The next day they found before them such a labyrinth of blocks
and fragments of ice, floating ice-fields, and water-channels, that
they were constrained to give up the idea of hauling their boats
across it, and resolved to wait for the spring tide—which, they knew,
would occur in a few days. The delay was very wearisome. To
beguile the time, some of the seamen set to work at wood-carving,
while the officers and scientific gentlemen manufactured the pieces
for a game of chess. Others prepared some fishing-lines, eighty
fathoms long, in the hope of catching a desirable addition to their
scanty bill of fare.
On the 24th, the weather was splendid. The sun shone in a
cloudless sky, and wherever its genial radiance fell the thermometer
marked + 28° 5’ R. This was an excellent opportunity for drying their
clothes, which, as well as their linen, had been thoroughly soaked
innumerable times. The coverings were removed from the boats,
which, in the warm sunshine, exhaled great clouds of vapour. The
cook endeavoured to add to his stores of provisions; but the seals
churlishly refused to make their appearance, the fish disdained to
nibble at the fat-baited hooks, and the stupid guillemots were
cunning enough to escape the best directed shots.

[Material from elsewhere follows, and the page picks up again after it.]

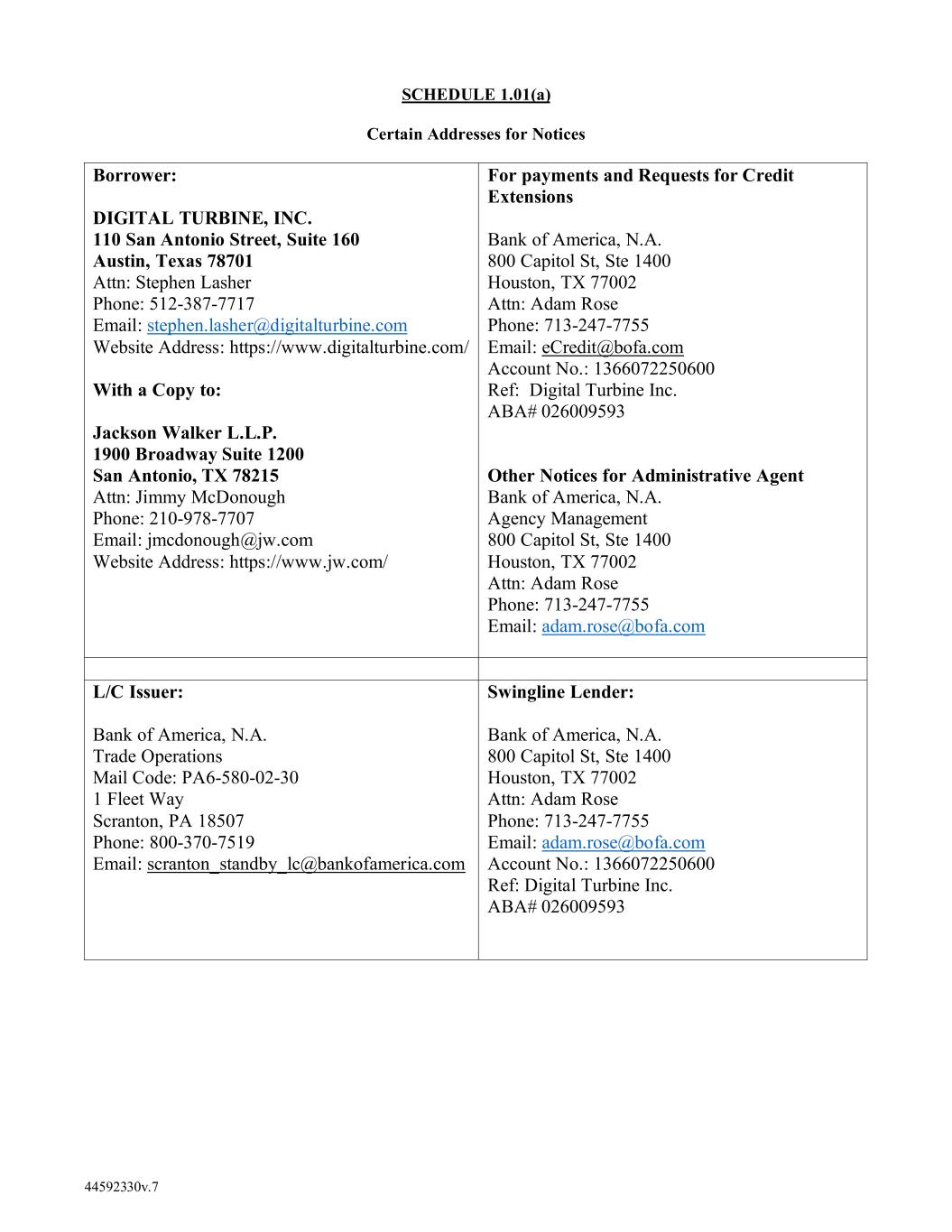 SCHEDULE 1.01(a) Certain Addresses for Notices Borrower: DIGITAL TURBINE, INC. 110 San Antonio Street, Suite 160 Austin, Texas 78701 Attn: Stephen Lasher Phone: 512-387-7717 Email: stephen.lasher@digitalturbine.com Website Address: https://www.digitalturbine.com/ With a Copy to: Jackson Walker L.L.P. 1900 Broadway Suite 1200 San Antonio, TX 78215 Attn: Jimmy McDonough Phone: 210-978-7707 Email: jmcdonough@jw.com Website Address: https://www.jw.com/ For payments and Requests for Credit Extensions Bank of America, N.A. 800 Capitol St, Ste 1400 Houston, TX 77002 Attn: Adam Rose Phone: 713-247-7755 Email: eCredit@bofa.com Account No.: 1366072250600 Ref: Digital Turbine Inc. ABA# 026009593 Other Notices for Administrative Agent Bank of America, N.A. Agency Management 800 Capitol St, Ste 1400 Houston, TX 77002 Attn: Adam Rose Phone: 713-247-7755 Email: adam.rose@bofa.com L/C Issuer: Bank of America, N.A. Trade Operations Mail Code: PA6-580-02-30 1 Fleet Way Scranton, PA 18507 Phone: 800-370-7519 Email: scranton_standby_lc@bankofamerica.com Swingline Lender: Bank of America, N.A. 800 Capitol St, Ste 1400 Houston, TX 77002 Attn: Adam Rose Phone: 713-247-7755 Email: adam.rose@bofa.com Account No.: 1366072250600 Ref: Digital Turbine Inc. ABA# 026009593 44592330v.7

M. Hildebrandt, with two seamen, made an attempt—in which
they succeeded—to reach the island of Illiudlek, which lay about
three miles off, and is from 450 to 500 feet in height. They found it a
desert; not a trace of vegetation; its shores very steep, and at some
points precipitous; its surface torn with crevasses and ravines. The
only accessible part seemed on the north; but as the evening was
drawing in, they had no time for exploration, and made haste to
return to the boats.
The castaways now came to a resolution to seek a temporary
refuge on this desolate isle. As the heat of the sun was sufficient to
render their labour very painful, and they suffered much from the
effects of the snow upon their eyes, they went to work at night,
dragging their boats forward with many a weary effort, and rested
during the daytime. In this way they reached the island on the 4th of
June.
Here they moored their boats in a small bay sheltered by a wall of
rocks from the north wind, which they named Hansa-Hafen. Next day
they shot two-and-twenty divers, which provided them with a couple
of good dinners. The supply was very valuable, as the stock of
provisions on hand would not last above a fortnight.
After a brief rest, the adventurers resumed their voyage, keeping
close in-shore, and struggling perseveringly amidst ice and stones—
and further checked by an inaccurate chart, which led them into a
deep fiord, instead of King Christian IV. Sound. On the 13th of June,
however, they arrived at the Moravian missionary station of
Friedrichstal, where their countrymen received them with a hearty
welcome. For two hundred days they had sojourned upon a drifting
ice-field, experiencing all the hardships of an Arctic winter,
aggravated by an insufficiency of food.
They reached Julianshaab on the 21st of June; embarked on
board the Danish brig Constance; and were landed at Copenhagen
on the 1st of September.

We must now return to the Germania.


Captain Koldewey made several bold attempts to penetrate the
pack-ice, but proved unsuccessful in all until, on the 1st of August,
he reached lat. 74°, where he contrived to effect a passage; and
though much delayed by a succession of fogs and calms, he made
his way to Sabine Island,—and dropped anchor on its southern side,
in lat. 74° 30’ N., and long. 29° W., on the 5th of August.